▼

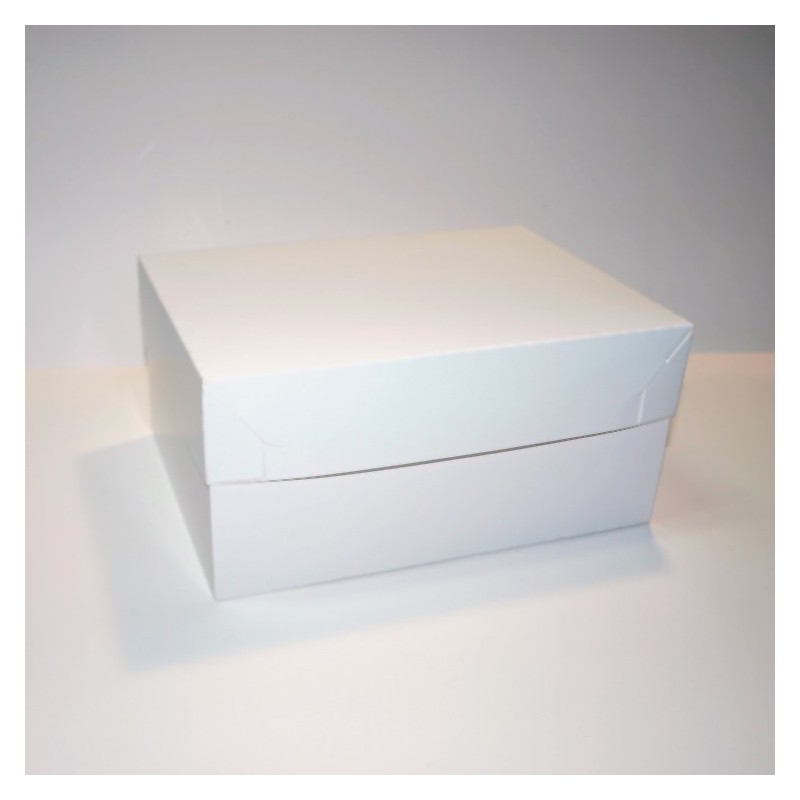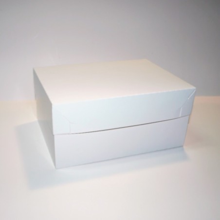 Prostokątne opakowanie na tort. Kolor biały, zamykane od góry.
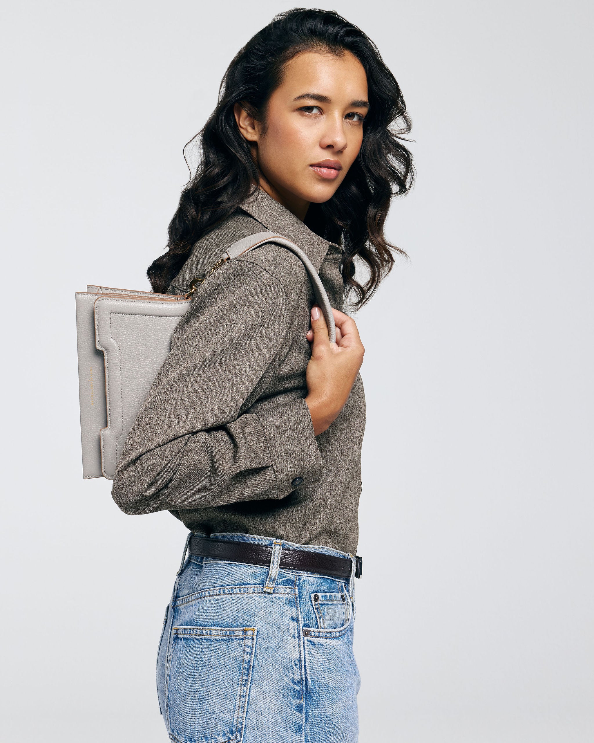 Das Design hat einen feinen Griff und schöne Details am Schulterriemen. Einzigartig ist die Anordnung der Fächer, die an ein Akkordeon erinnert.
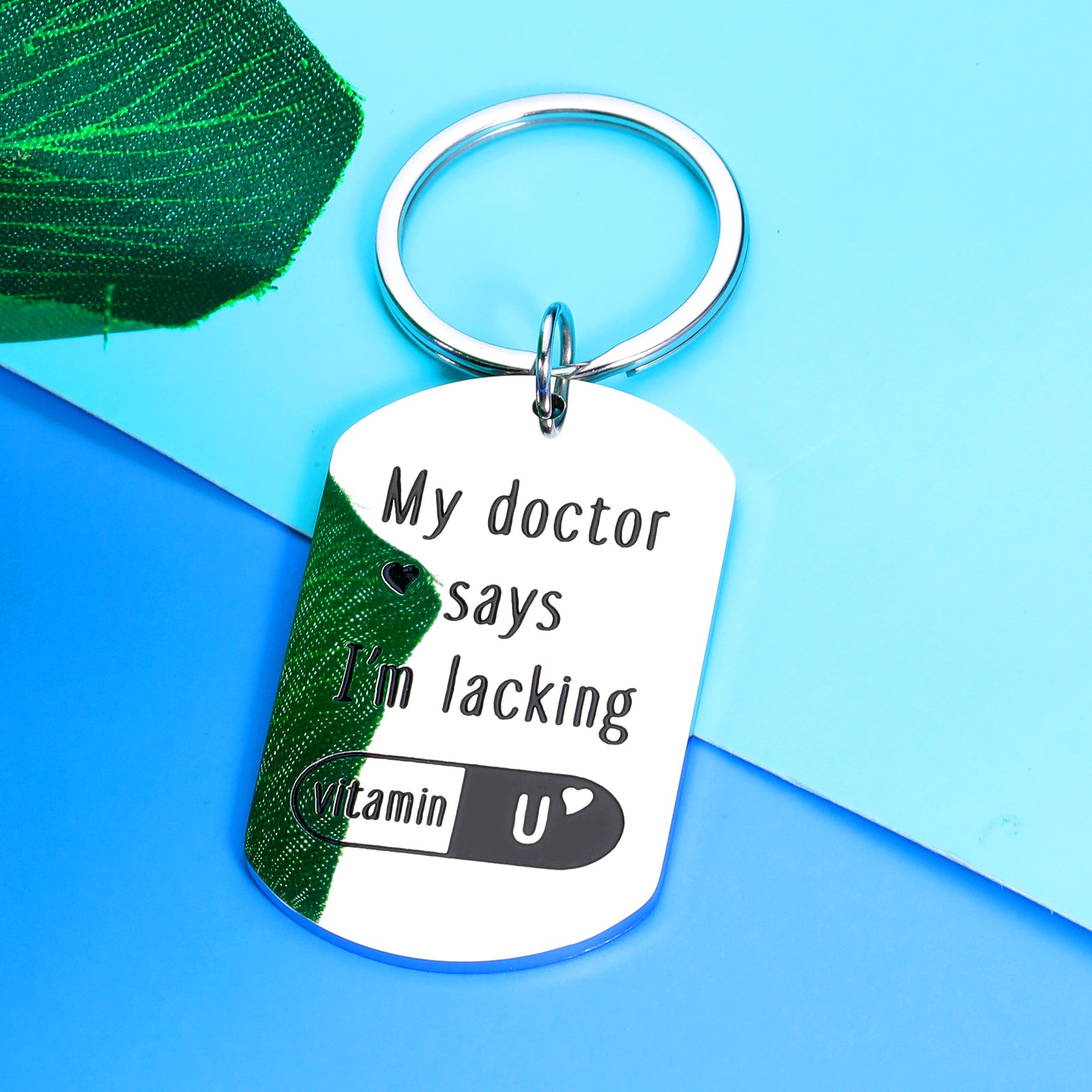 - ❤【Boyfriend Girlfriend Gifts for Valentine’s Day】--This cute keychain engraved with “My doctor says I am lacking vitamin U”. Give it to someone you love, it's a very humorous way to say that you need him/her and you can't lose him/her. This keychain will always be there for him/her to remind him/her how much you love him/her. Valentine’s day gift for women men her him, funny boyfriend girlfriend gift, husband wife gifts. This gift will bring a big smile when they receive this gift.

▲

• Task details
Begin at the first line of the data above and repeat each line exactly, stopping after the line containing "Das Design hat". Omit the pictures.

• Answer box
 Prostokątne opakowanie na tort. Kolor biały, zamykane od góry.
 Das Design hat einen feinen Griff und schöne Details am Schulterriemen. Einzigartig ist die Anordnung der Fächer, die an ein Akkordeon erinnert.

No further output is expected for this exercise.